Worth noting is that once you create a new Swarm cluster it also creates the swarm manager which in turn creates a certificate authority (if an external store isn’t provided) so for now transparent security is built-in directly.

 

The command line console also has the ability to join a node to an existing Swarm cluster as either the manager or worker and seamlessly the worker can be promoted to a manager and a manager can be demoted back to the role of worker as needed providing much needed additional flexibility. The Swarm manager uses the RAFT protocol to elect a leader and determine consensus which is very similar to how Kubernetes works today with its internal use of etcd. Also worth pointing out is how the Swarm workers use a gossip protocol to communicate their respective state amongst themselves so Docker users no longer require external entities or key-value stores to keep track of the cluster topology.

Also new to this most recent Docker release is the concept of a logical service — consisting of 1-to-many container instances and with the introduction of this logical view it makes management of services much easier overall. You can now create and update as well as scale a service which results in containers being either deployed updated or ultimately destroyed when no longer required.


Yet one weakness in the Docker 1.12 release in my opinion is its service discovery, which works quite elegantly in Kubernetes. Important to note, that the notion of a “Service” proxy for containers has existed in Kubernetes since the beginning of the project you simply connect to service name in your cluster and Kubernetes will make sure you reach the correct pod (or one or more containers)(s) behind the service. Kubernetes is also designed to be modular and extensible so that its components can be easily swappable, which allows for some interesting opportunities to tailor its use to your needs overall.

 

This new release from Docker will definitely face competition from Kubernetes, which is intended to help automate the deployment, scaling, and operation of containers across clusters of hosts. Already many companies are using Kubernete because of its ultra strong community. Kube, as the community calls it, is also gaining widespread acceptance from enterprise customers that are looking to build containerized applications using the new cloud native paradigms.

 

Kubernetes describes itself as a way to “manage a cluster of containers as a single system to accelerate development and simplify operations”. Kubernetes is open source, but also community developed and stewarded by the CNCF. This is fundamentally different than Docker/Swarm, which is ultimately controlled by a single start up and and is not governed by an open source community. Kubernetes is awesome because it brings Google’s decade plus experience of running containers at scale, Red Hat’s years of experience deploying and managing open source in the enterprise, the nimble development experience of CoreOS as well as advantages from many, many other organizations and community members.

 

Because of a powerful and diverse community, Kubernetes is as flexible as a Swiss Army Chainsaw. You can run Kubernetes on bare metal or on just about any cloud provider out there.
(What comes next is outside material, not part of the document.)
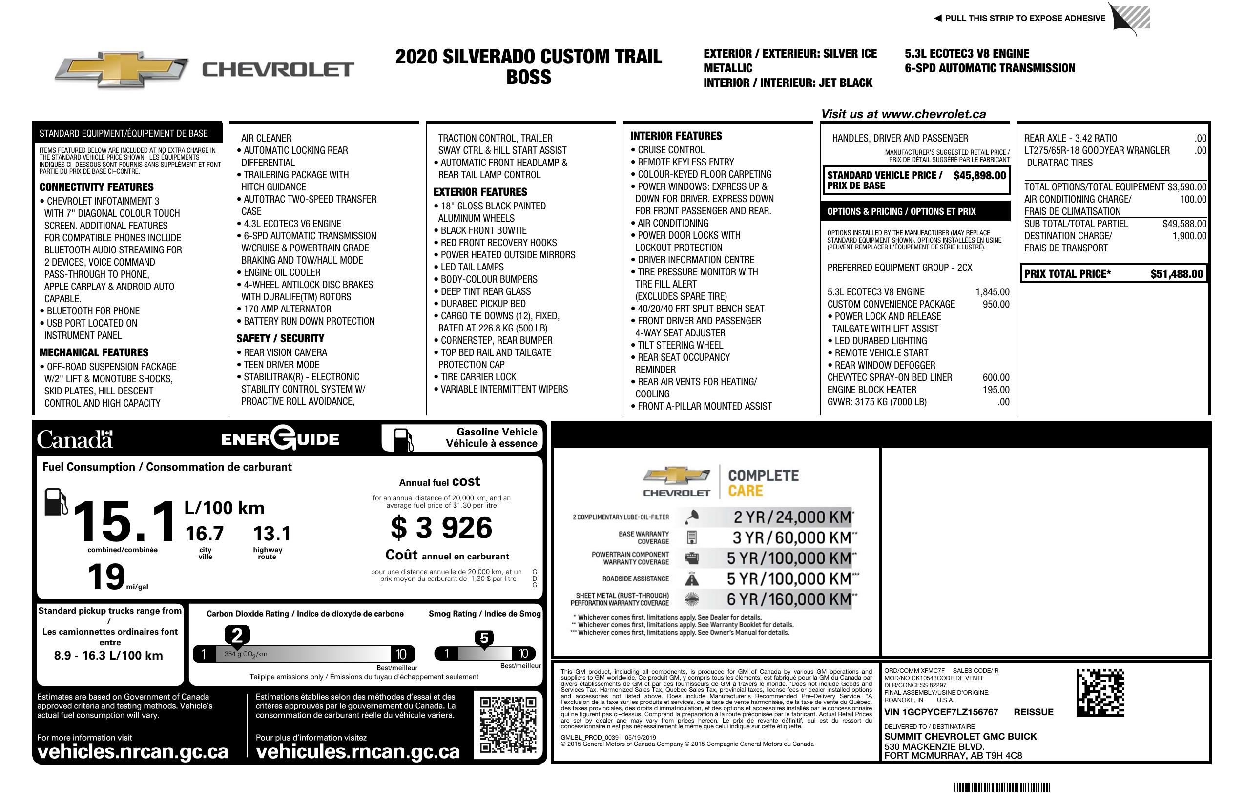 2020 Chevrolet Silverado 1500 4 Wd Crew Cab 147" Custom Trail Boss

Another amazing feature of Kubernetes is that it supports both Docker and Rocket containers as well as providing the ability to address additional cluster runtimes moving forward.

 

The wonderful experience and drive of the community cements our dedication to our choice and it’s place in the overall container orchestration space. Just the shear velocity of the project is amazing and the community is extremely vibrant.

 

So, in the end, I’m choosing to rally behind Kubernetes. It was the most robust solution we tried and we’re confident that it’ll support us as we grow in the future. Red Hat along with others are looking forward to providing Windows support for Kubernetes and the ability to run Windows containers directly as well. But it’s important to keep in mind that the other cluster orchestration services aren’t necessarily bad but as I stated earlier this field is moving quite fast and we want to ensure that we’re working with the most active as well as stable and mature project available to us. We’ve been extremely happy with Kubernetes and been using it in production for awhile now in fact ever since the 1.0 release.

 

We’re excited about the 1.3 release of Kubernetes and the new PetSet (was nominal services) feature providing the new stateful primitives for running your pods which need strong identity and storage capabilities. Looking forward to everything to come with the addition of cluster federation (a.k.a. “Ubernetes”) in Kubernetes 1.3 as well. I for one am very grateful to the entire Kubernetes community for everything they’ve done on this project thus far and everything that they continue to do. It’s truly an amazing piece of technology and a great building block for my needs.

Excerpts on the new Swarm capabilites from: https://lostechies.com/gabrielschenker/2016/06/21/dockercon-2016-day-2-presentations/ by Gabriel Schenker used with express permission.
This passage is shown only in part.